• _AIM OF THE EXERCISE_: The full listing is to be transcribed exactly, with each picture left out.

[COLLECTED MATERIAL]

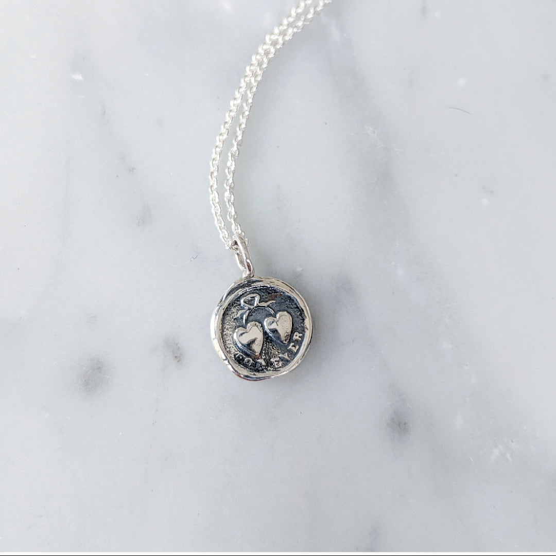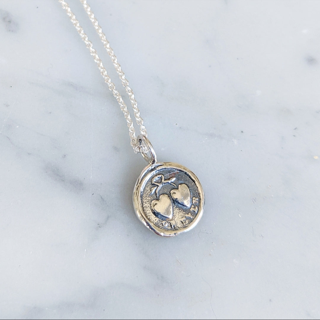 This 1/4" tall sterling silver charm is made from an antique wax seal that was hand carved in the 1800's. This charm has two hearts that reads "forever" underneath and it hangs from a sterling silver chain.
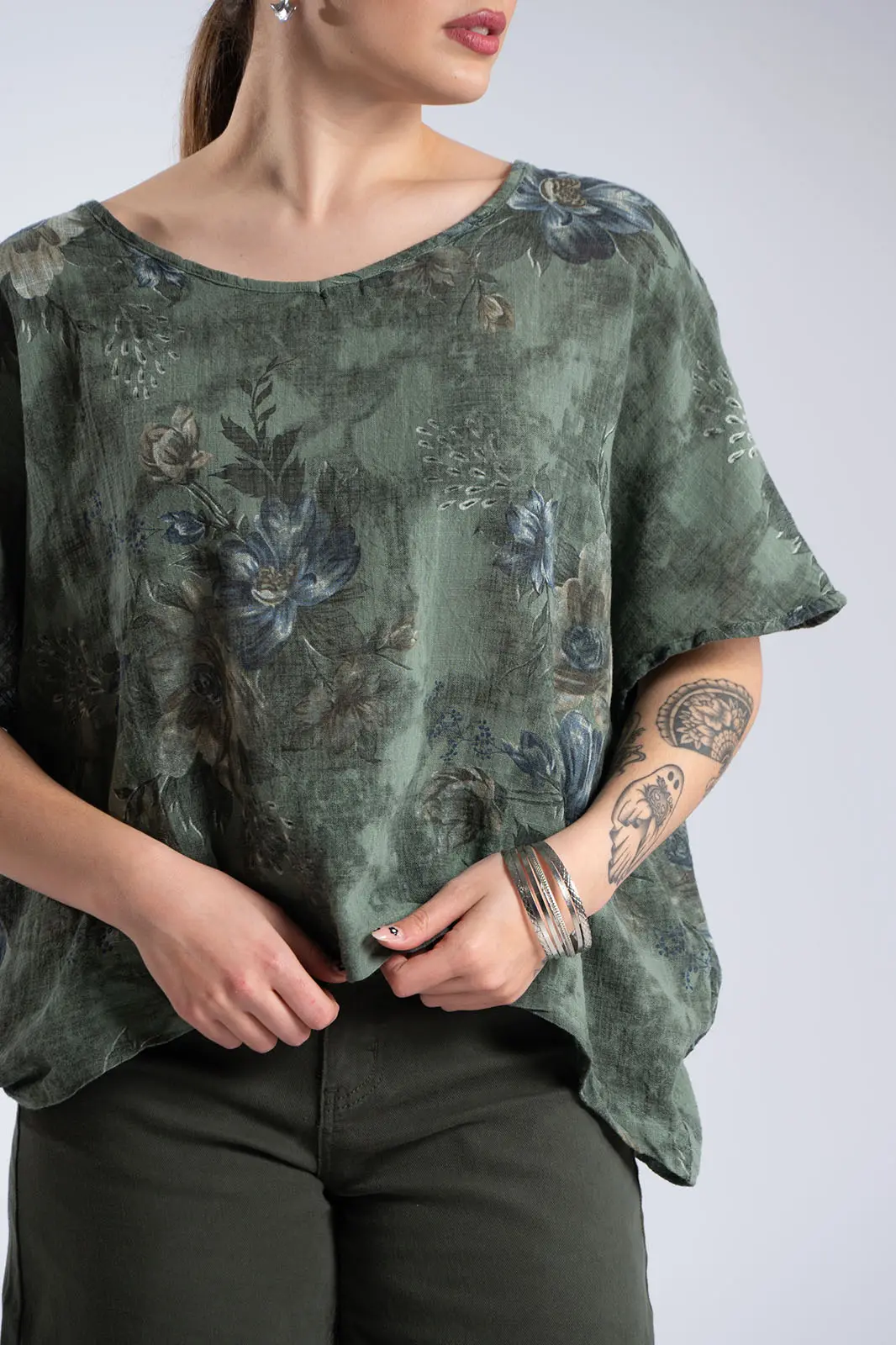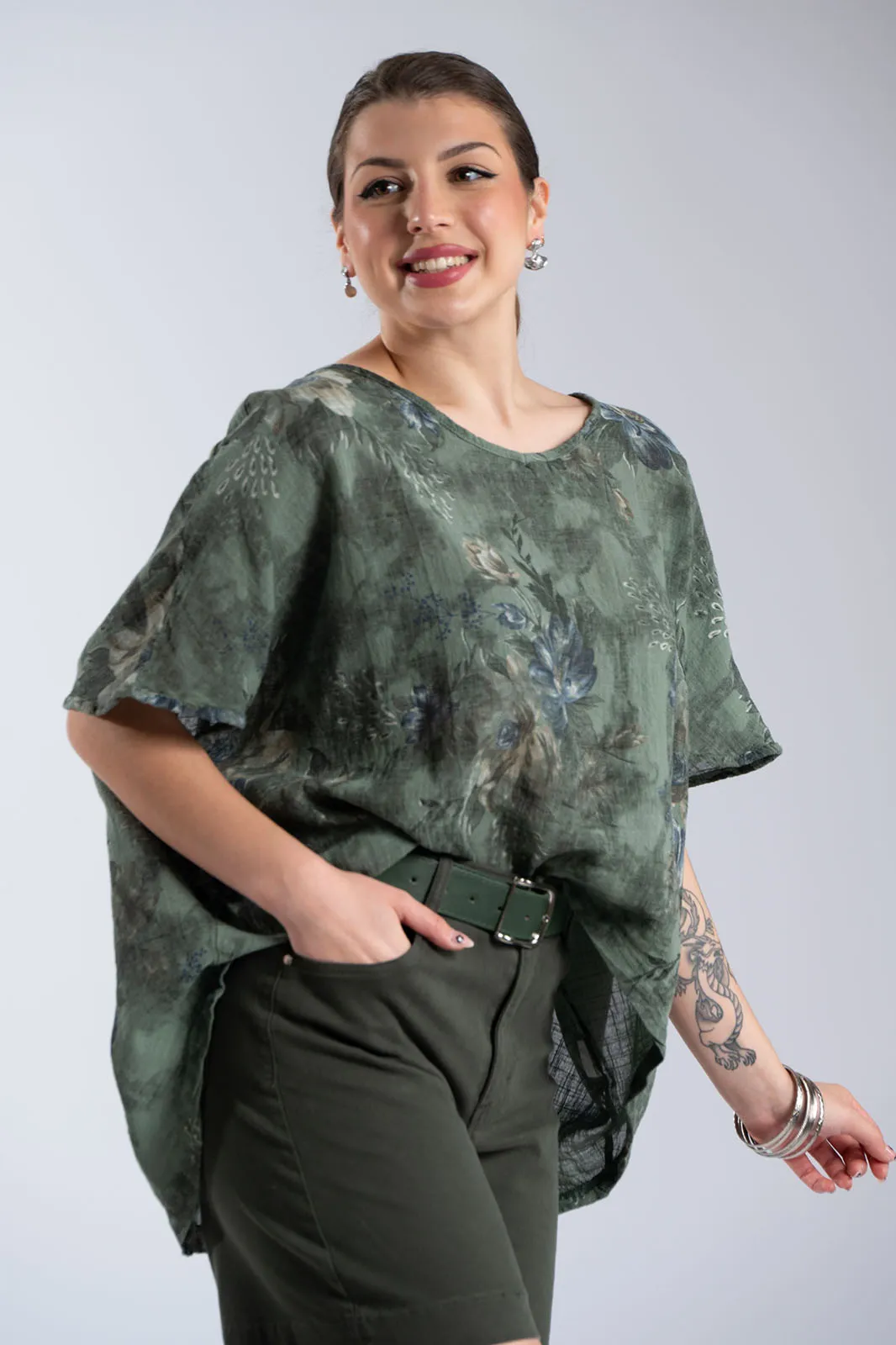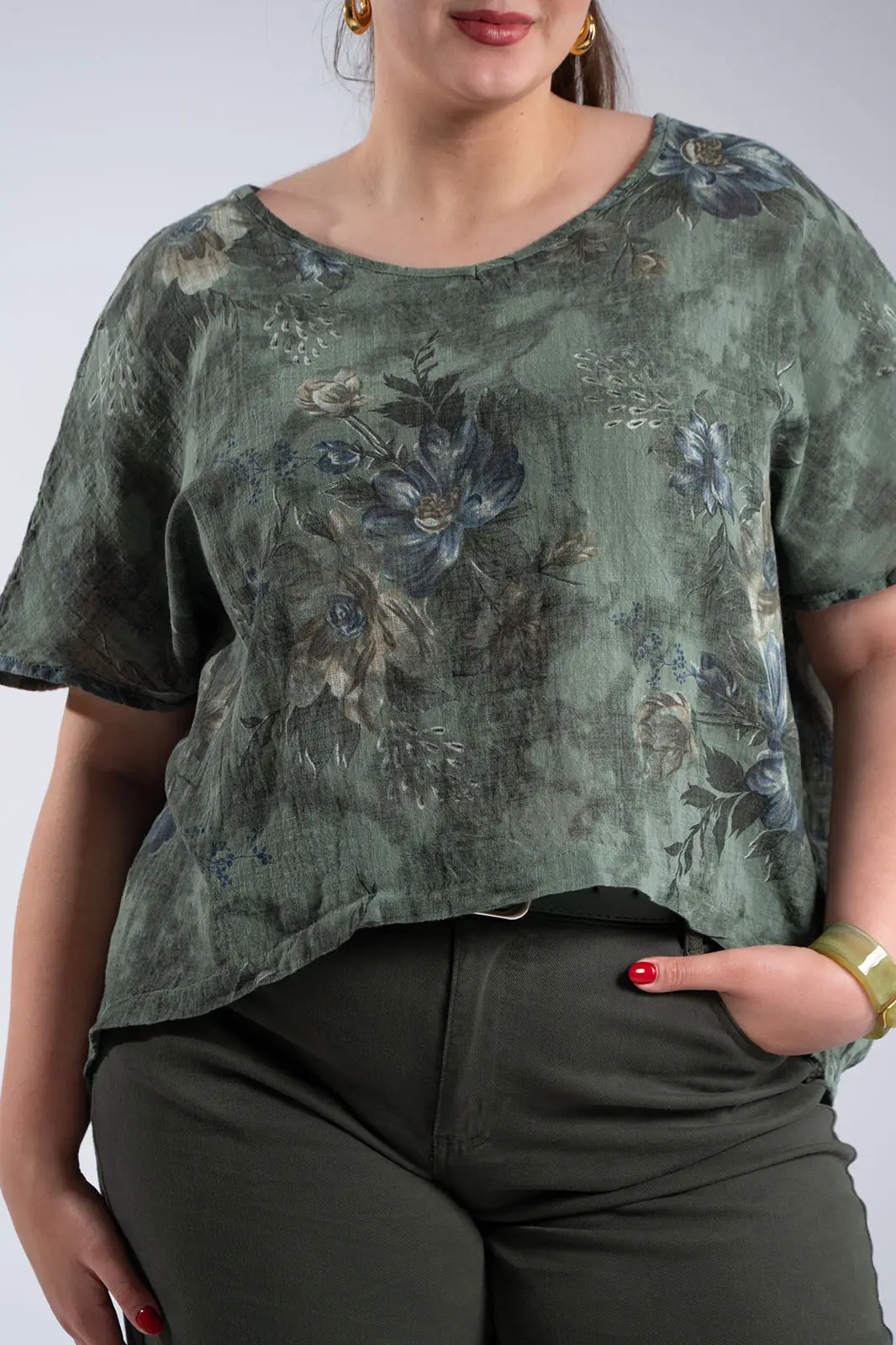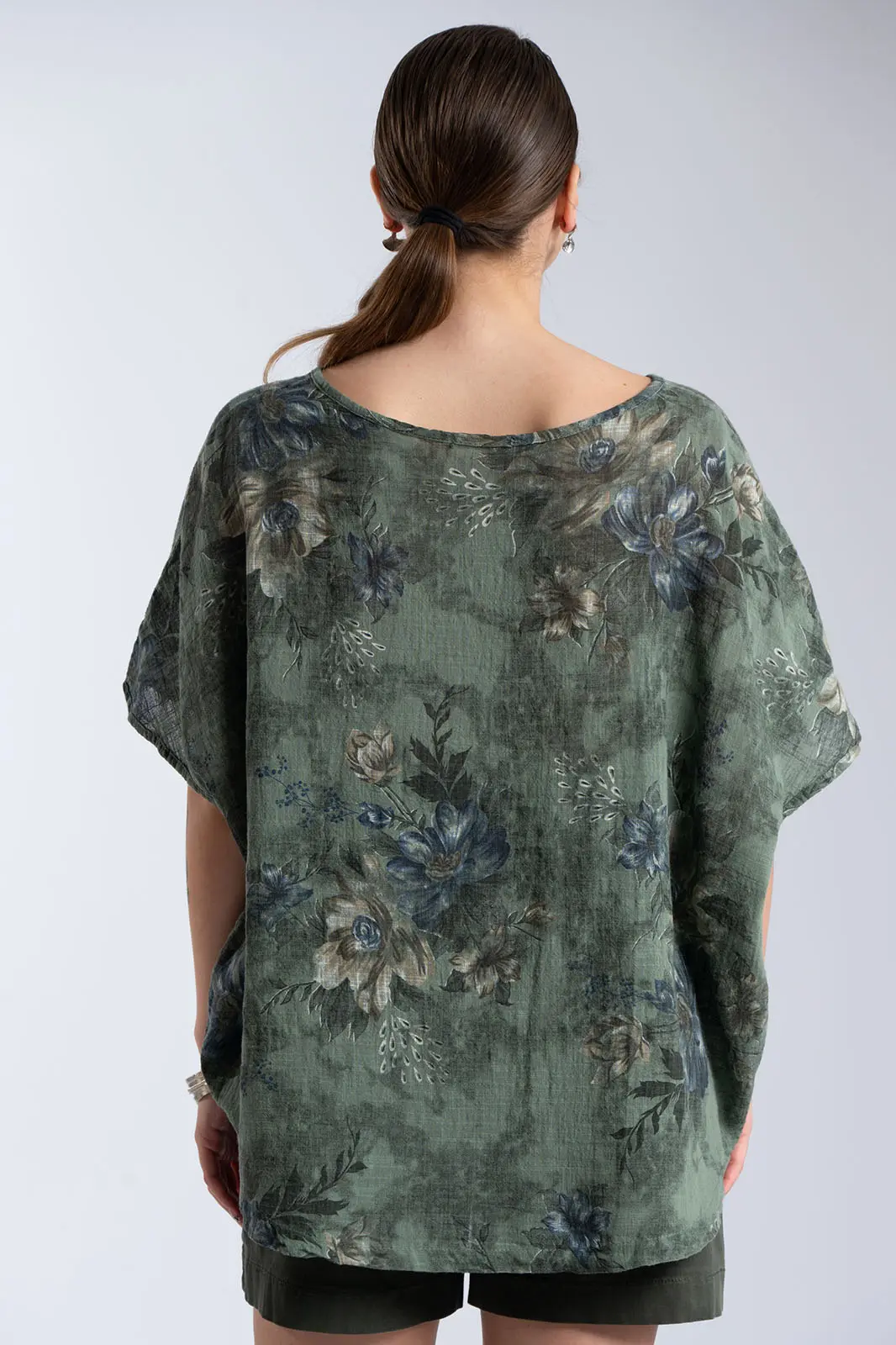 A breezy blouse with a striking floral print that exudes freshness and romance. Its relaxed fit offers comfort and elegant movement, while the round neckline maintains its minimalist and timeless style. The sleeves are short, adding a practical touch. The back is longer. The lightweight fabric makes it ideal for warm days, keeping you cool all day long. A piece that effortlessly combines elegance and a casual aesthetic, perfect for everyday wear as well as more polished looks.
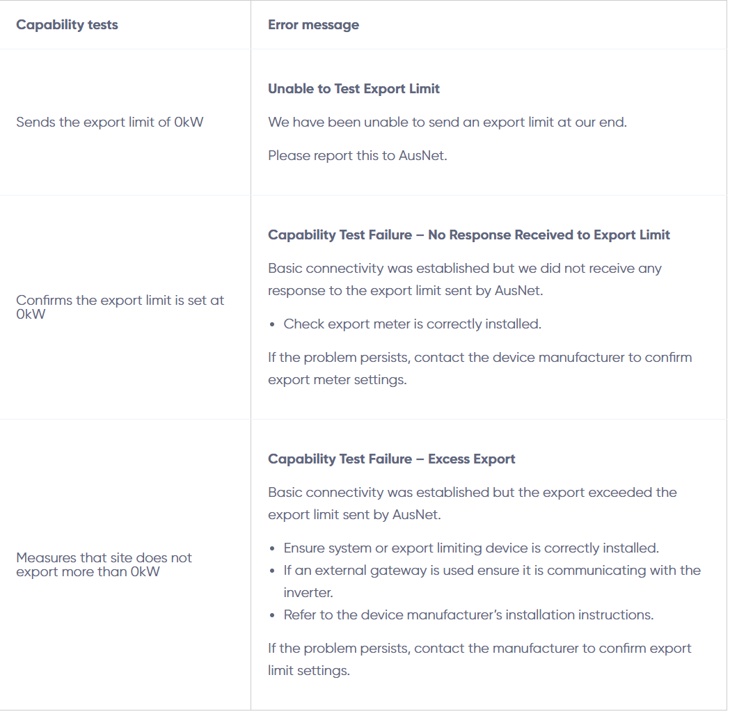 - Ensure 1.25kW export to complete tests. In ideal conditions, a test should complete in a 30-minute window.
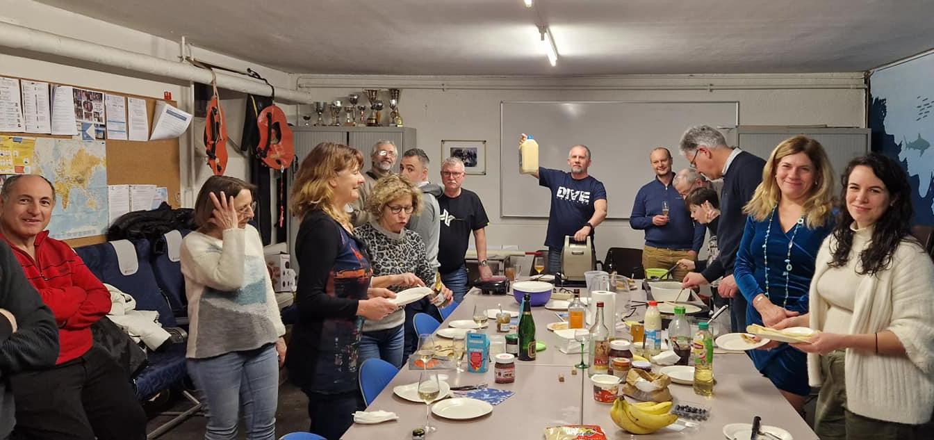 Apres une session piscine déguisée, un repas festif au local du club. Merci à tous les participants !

[/COLLECTED MATERIAL]

• _YOUR RESPONSE_:
 This 1/4" tall sterling silver charm is made from an antique wax seal that was hand carved in the 1800's. This charm has two hearts that reads "forever" underneath and it hangs from a sterling silver chain.
 A breezy blouse with a striking floral print that exudes freshness and romance. Its relaxed fit offers comfort and elegant movement, while the round neckline maintains its minimalist and timeless style. The sleeves are short, adding a practical touch. The back is longer. The lightweight fabric makes it ideal for warm days, keeping you cool all day long. A piece that effortlessly combines elegance and a casual aesthetic, perfect for everyday wear as well as more polished looks.
 - Ensure 1.25kW export to complete tests. In ideal conditions, a test should complete in a 30-minute window.
 Apres une session piscine déguisée, un repas festif au local du club. Merci à tous les participants !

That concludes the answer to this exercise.